1962. Хрущев. Кеннеди. Кастро. Как мир чуть не погиб — страница 57 из 193

– Так это вы хотите изменить существующее положение.

– Я хочу мира и мирного договора с Германией. Если бы я хотел изменить границы или завоевать другие народы, тогда вы действительно обязаны были бы защищаться. А мы хотим только мира. Угрозы с вашей стороны не остановят нас. Мы войны не хотим, но если вы ее навяжете, то она будет. Так можете и сказать Макмиллану, де Голлю и Аденауэру. Так что имейте в виду, господин президент, – это наше неотступное решение, и мы подпишем мирный договор в декабре этого года.

– Да, кажется, холодная будет зима в этом году[595], – сделал прощальное предсказание Кеннеди.

Корреспонденты со всего мира ждали у порога посольства. Хрущев, широко улыбаясь, попрощался с хмурым Кеннеди. На следующий день в газетах появились фотографии, отражавшие настроение обоих лидеров – один радостно улыбался, другой выглядел мрачным и усталым. Хрущев был уверен, что одержал победу.

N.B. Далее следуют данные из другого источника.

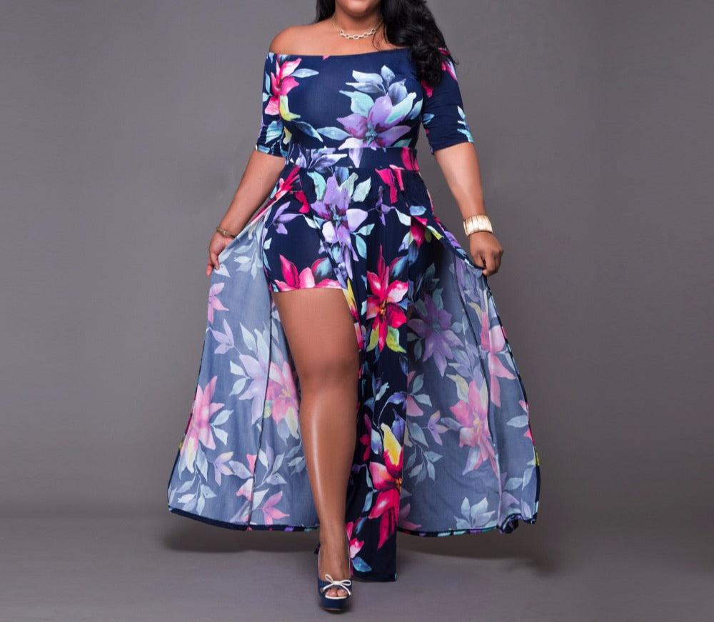 Indulge in a playful, yet chic look with this Women's Plus Size Floral Print Romper Jumpsuit!
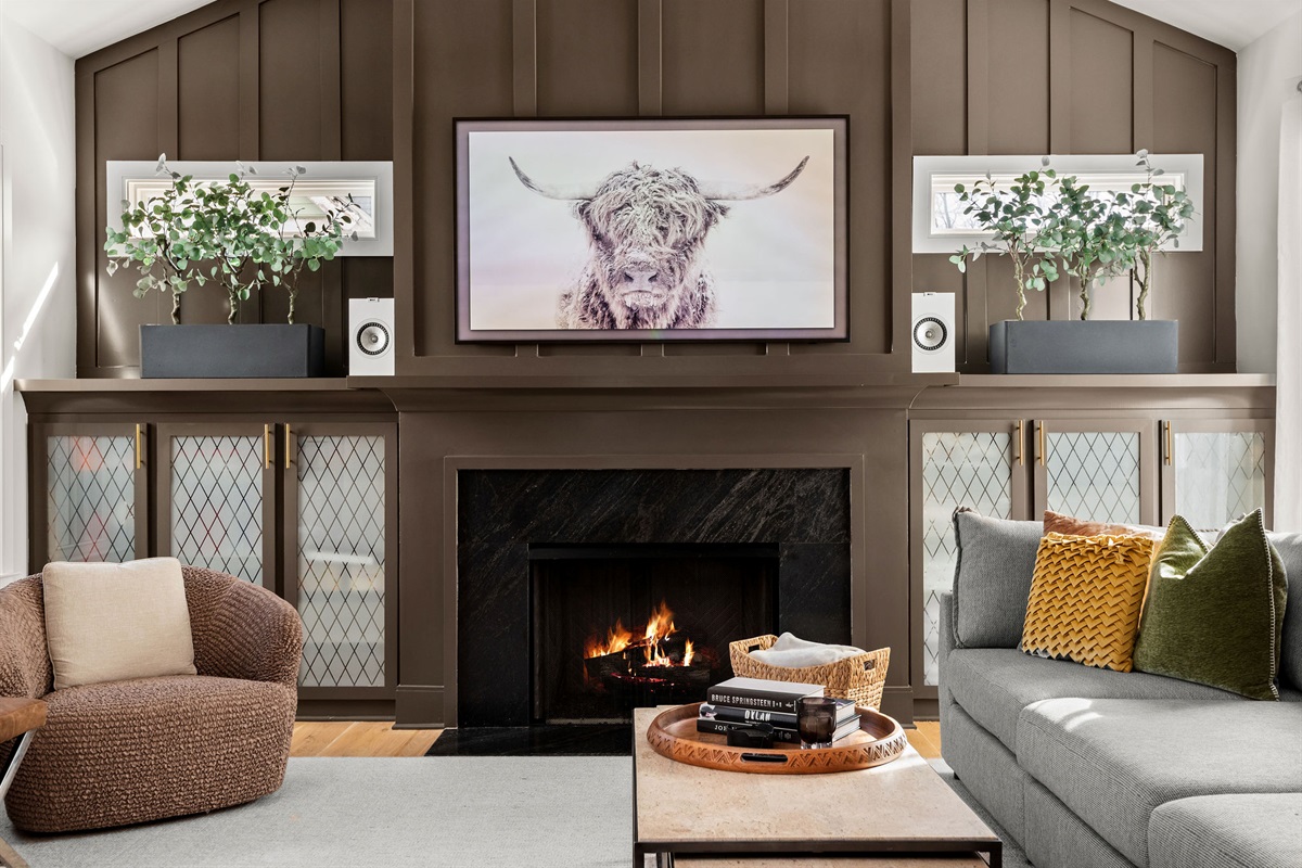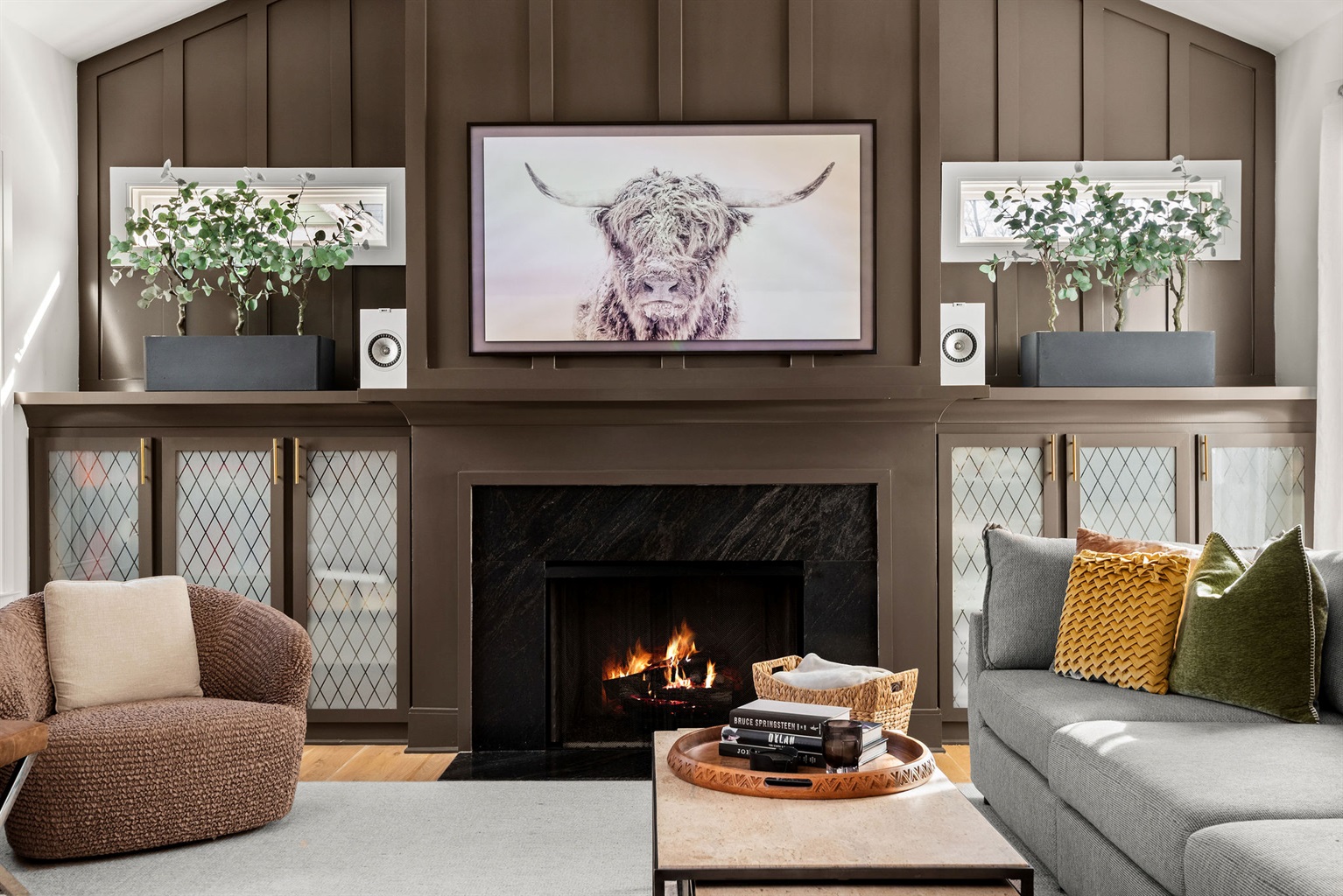 Step inside to a beautifully appointed space with modern furnishings and cozy comforts. The living room features plush seating and a welcoming fireplace, ideal for relaxing evenings.
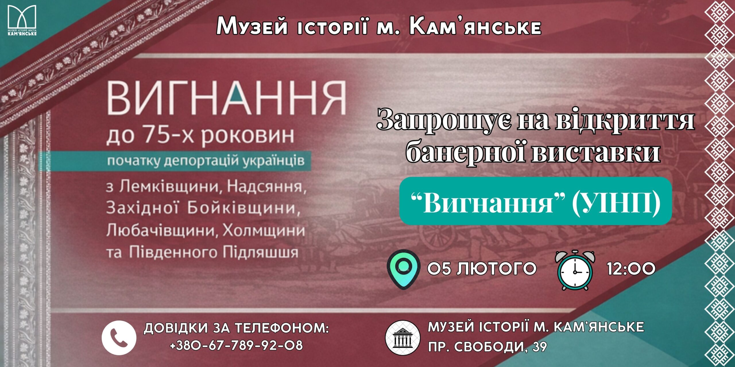 5 лютого о 12:00 у музеї історії міста Кам’янське відбудеться відкриття виставки "Вигнання". Як повідомляється на офіційній сторінці музею у фейсбуці, цей проєкт Українського інституту національної пам’яті присвячений трагічним сторінкам нашої історії, а саме: примусовим депортаціям українців у ХХ столітті. Експозиція охоплює події від операції "Вісла" до масових виселень із Криму та західних областей України.

Когда черный лимузин Кеннеди с американским флагом и личным флагом президента на капоте отъехал от советского посольства, Кеннеди с силой ударил кулаком по дверце машины. Особенно, свидетельствовал ехавший с ним в машине Раск, он был потрясен тем, что Хрущев использовал слово «война» во время резкого обмена мнениями, слово, которое избегали до того времени использовать, заменяя менее тревожными синонимами[596].

«Последняя наша встреча с Кеннеди произошла на приеме или в театре, – вспоминал Хрущев. – Кеннеди был очень мрачен. Не только озабочен, но и мрачен. Когда я смотрел на его лицо, он у меня вызывал сочувствие, сожаление. Я хотел, чтобы мы расстались с другим настроением, но помочь ему ничем не мог… А сочувствовал ему, потому что не создавалось предпосылок к лучшему, и мы опять отбрасывались назад, возможно, к еще большему обострению, к продолжению “холодной войны”. За это мы должны были платить, потому что опять начиналась гонка вооружений»[597].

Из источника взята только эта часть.